Hi,
I have 2 questions concerning ISA.

1) I set up the SSL for OWA directions as posted on the
sbs2000.info site. We also publish a different website
located on a seperate server via site publishing rules.
That being said I can't close port 80 on ISA. Is there
anything else I can do to block port 80 traffic on the SBS
machine?

2) Is it true that, Site and Content along with Protocol
rules only control how INTERNAL clients access the
internet. Opening these rules up (i.e. all IP
traffic/applies to any request) do not expose our network
to external born attacks.

Re: ISA questions by Chad

Chad
Wed Aug 20 13:39:49 CDT 2003

Hi nic - see inline.

--

Chad A. Gross

Lerman's Law of Technology: Any technical problem can be overcome
given enough time and money.
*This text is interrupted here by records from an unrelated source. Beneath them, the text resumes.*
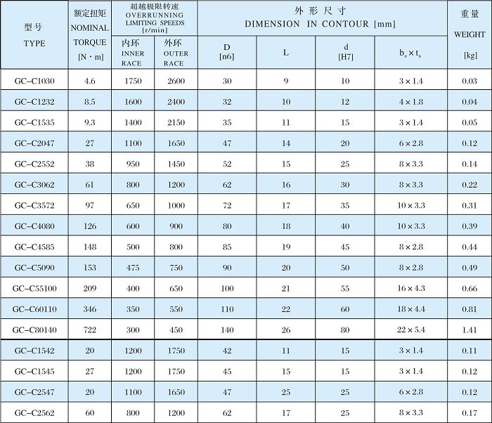 产品名称:单向超越离合器-GC-C
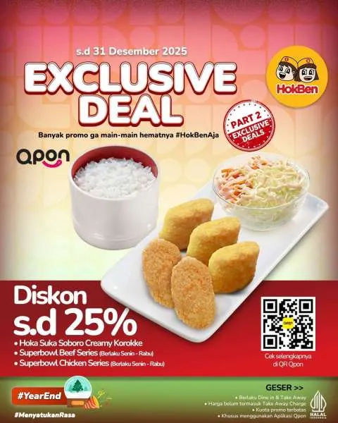 Promo bisa Anda nikmati sampai 31 Desember 2025 di seluruh HokBen, kecuali regional Bandung.
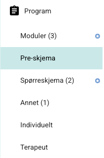 Man kan justere på innstillingene til hvert spørreskjema, samt legge til flere spørreskjema på samme måte som med moduler, så se her for litt mer veiledning rundt dette: Pasientside: Program & Moduler.
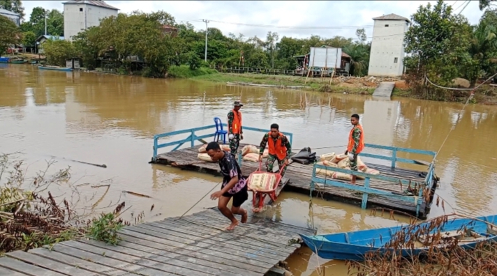 Saat ini, progres pembangunan jembatan terus berlangsung pendistribusi material ke lokasi pekerjaan.
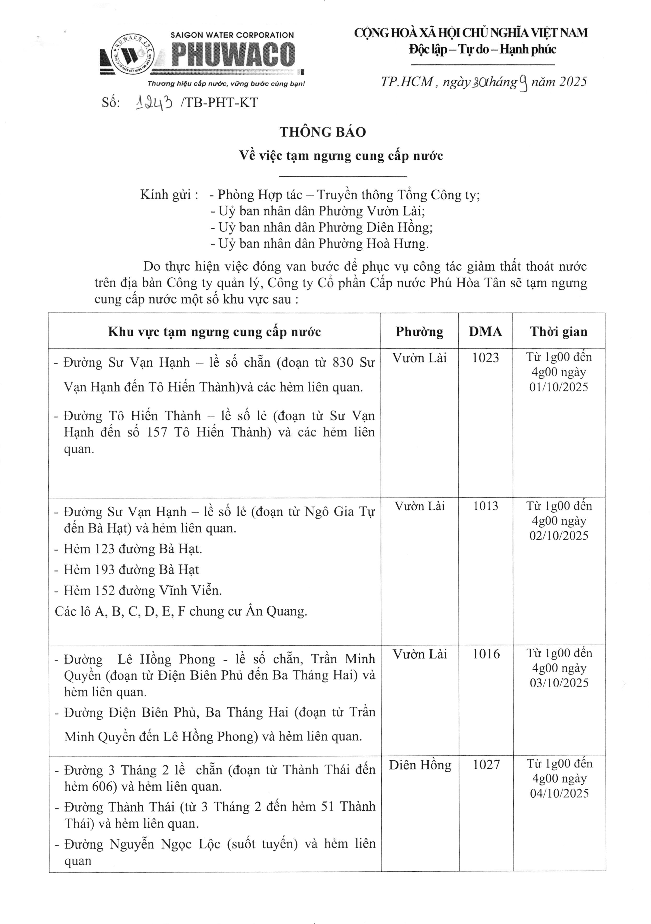 Thông báo tạm ngưng cung cấp nước phường Vườn Lài, Diên Hồng, Hòa Hưng

Corollary: You are never given enough
time or money.


In news:009f01c36732$1d31e220$a301280a@phx.gbl,
nic <nic@noway.com> posted:
> Hi,
> I have 2 questions concerning ISA.
>
> 1) I set up the SSL for OWA directions as posted on the
> sbs2000.info site. We also publish a different website
> located on a seperate server via site publishing rules.
> That being said I can't close port 80 on ISA. Is there
> anything else I can do to block port 80 traffic on the SBS
> machine?

Is your webserver joined to your domain? If so, does it have to be? If it
were me, I'd put a router between the 2nd nic on your SBS & internet
connection, and attach both your webserver & WAN side of your SBS to the
router. Have the router forward port 80 to the webserver and forward port
443 (and any others necessary) to your SBS. This way you can close port 80
in ISA . . .

>
> 2) Is it true that, Site and Content along with Protocol
> rules only control how INTERNAL clients access the
> internet. Opening these rules up (i.e. all IP
> traffic/applies to any request) do not expose our network
> to external born attacks.

Correct. Inbound packet filters control what external traffic your server
is accepting. Site & Content rules control outbound access - not inbound.